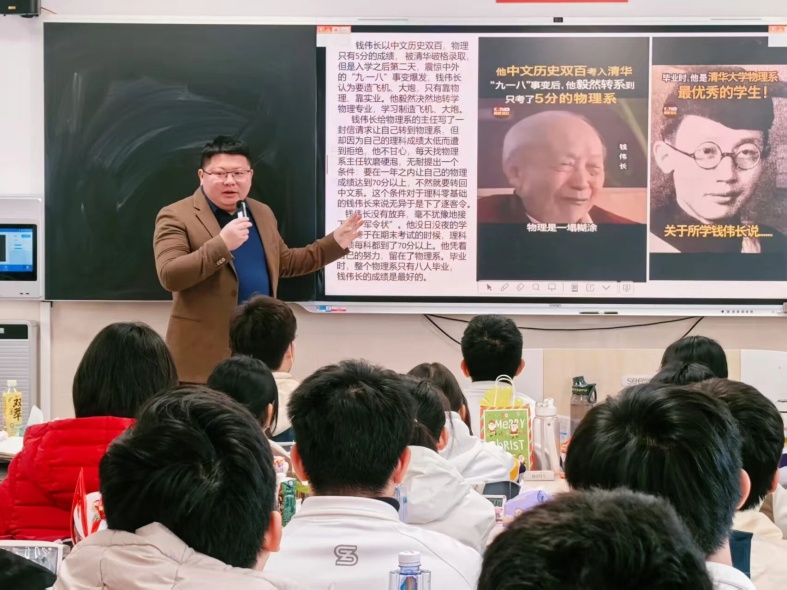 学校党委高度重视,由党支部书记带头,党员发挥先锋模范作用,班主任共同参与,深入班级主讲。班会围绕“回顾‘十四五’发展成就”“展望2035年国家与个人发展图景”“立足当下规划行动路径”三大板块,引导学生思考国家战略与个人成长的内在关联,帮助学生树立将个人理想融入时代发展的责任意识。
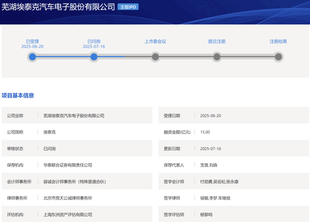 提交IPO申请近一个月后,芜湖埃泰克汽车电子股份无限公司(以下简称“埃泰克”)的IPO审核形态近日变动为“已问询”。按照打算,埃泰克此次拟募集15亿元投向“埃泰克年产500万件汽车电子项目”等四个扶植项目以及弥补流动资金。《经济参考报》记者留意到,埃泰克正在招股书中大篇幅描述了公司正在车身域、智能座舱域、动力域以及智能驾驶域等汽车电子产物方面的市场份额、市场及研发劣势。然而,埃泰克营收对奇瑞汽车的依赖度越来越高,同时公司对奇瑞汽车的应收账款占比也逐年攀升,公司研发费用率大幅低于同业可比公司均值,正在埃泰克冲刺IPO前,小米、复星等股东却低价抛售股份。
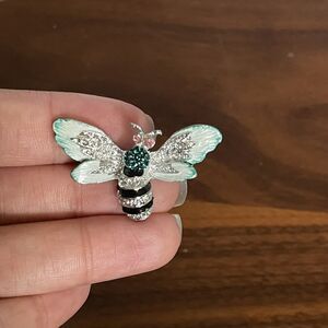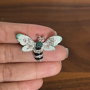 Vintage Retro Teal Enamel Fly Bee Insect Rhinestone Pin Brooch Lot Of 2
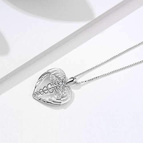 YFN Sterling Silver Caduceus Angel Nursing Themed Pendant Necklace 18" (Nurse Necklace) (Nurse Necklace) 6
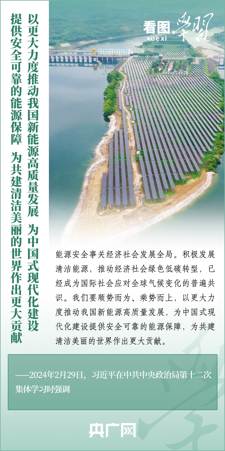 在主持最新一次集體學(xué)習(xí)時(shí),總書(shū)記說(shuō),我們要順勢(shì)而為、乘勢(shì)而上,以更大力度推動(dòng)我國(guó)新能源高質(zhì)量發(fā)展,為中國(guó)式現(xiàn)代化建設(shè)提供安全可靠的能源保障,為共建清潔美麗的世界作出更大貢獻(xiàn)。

* * *

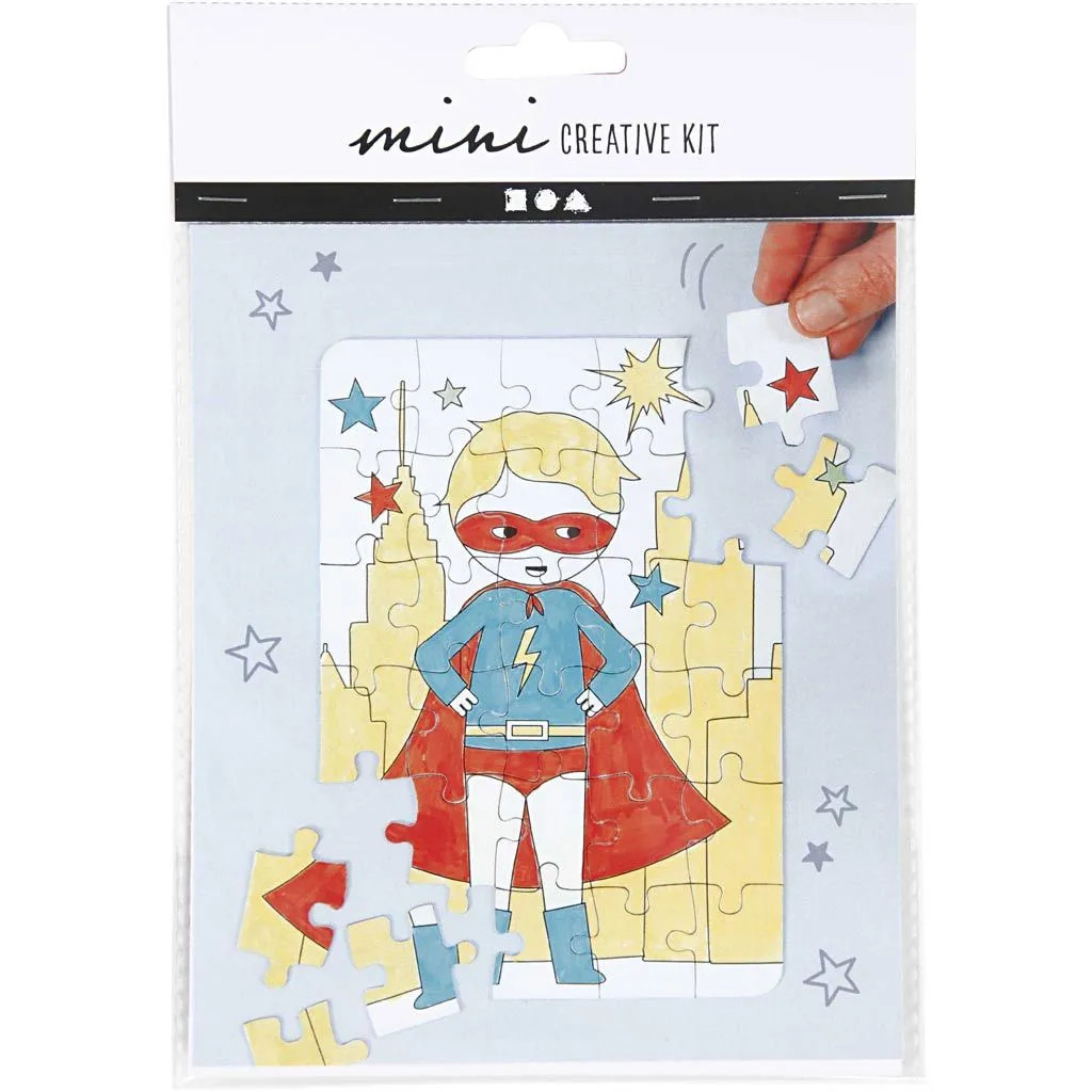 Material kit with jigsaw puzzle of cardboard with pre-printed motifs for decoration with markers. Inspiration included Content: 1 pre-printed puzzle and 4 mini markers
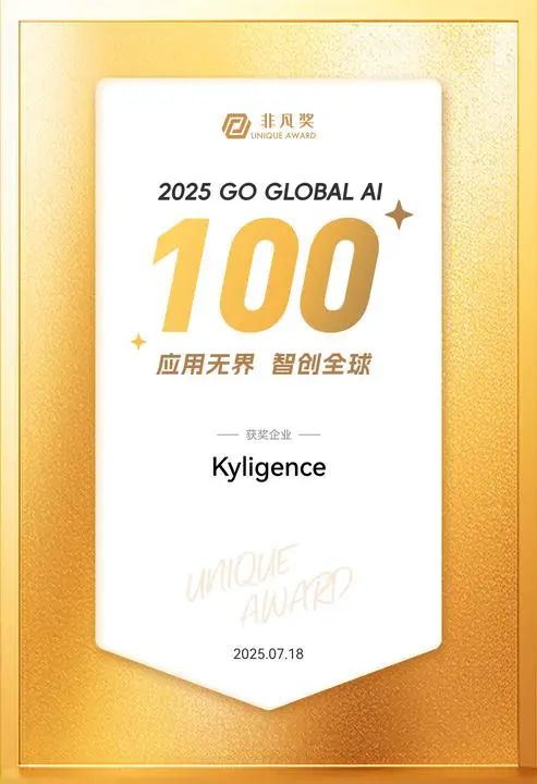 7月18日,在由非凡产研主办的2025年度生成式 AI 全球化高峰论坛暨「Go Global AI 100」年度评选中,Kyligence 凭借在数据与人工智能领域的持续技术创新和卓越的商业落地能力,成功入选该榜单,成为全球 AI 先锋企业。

## PROBLEM REQUIREMENTS
From the listing above, restate verbatim the lines running from the one with "Material kit with" through the one with "7月18日,在由非凡产研主办的2025年度生成式 AI 全球化高峰论坛暨「Go", inclusive, but not the pictures.

## EXERCISE RESPONSE
 Material kit with jigsaw puzzle of cardboard with pre-printed motifs for decoration with markers. Inspiration included Content: 1 pre-printed puzzle and 4 mini markers
 7月18日,在由非凡产研主办的2025年度生成式 AI 全球化高峰论坛暨「Go Global AI 100」年度评选中,Kyligence 凭借在数据与人工智能领域的持续技术创新和卓越的商业落地能力,成功入选该榜单,成为全球 AI 先锋企业。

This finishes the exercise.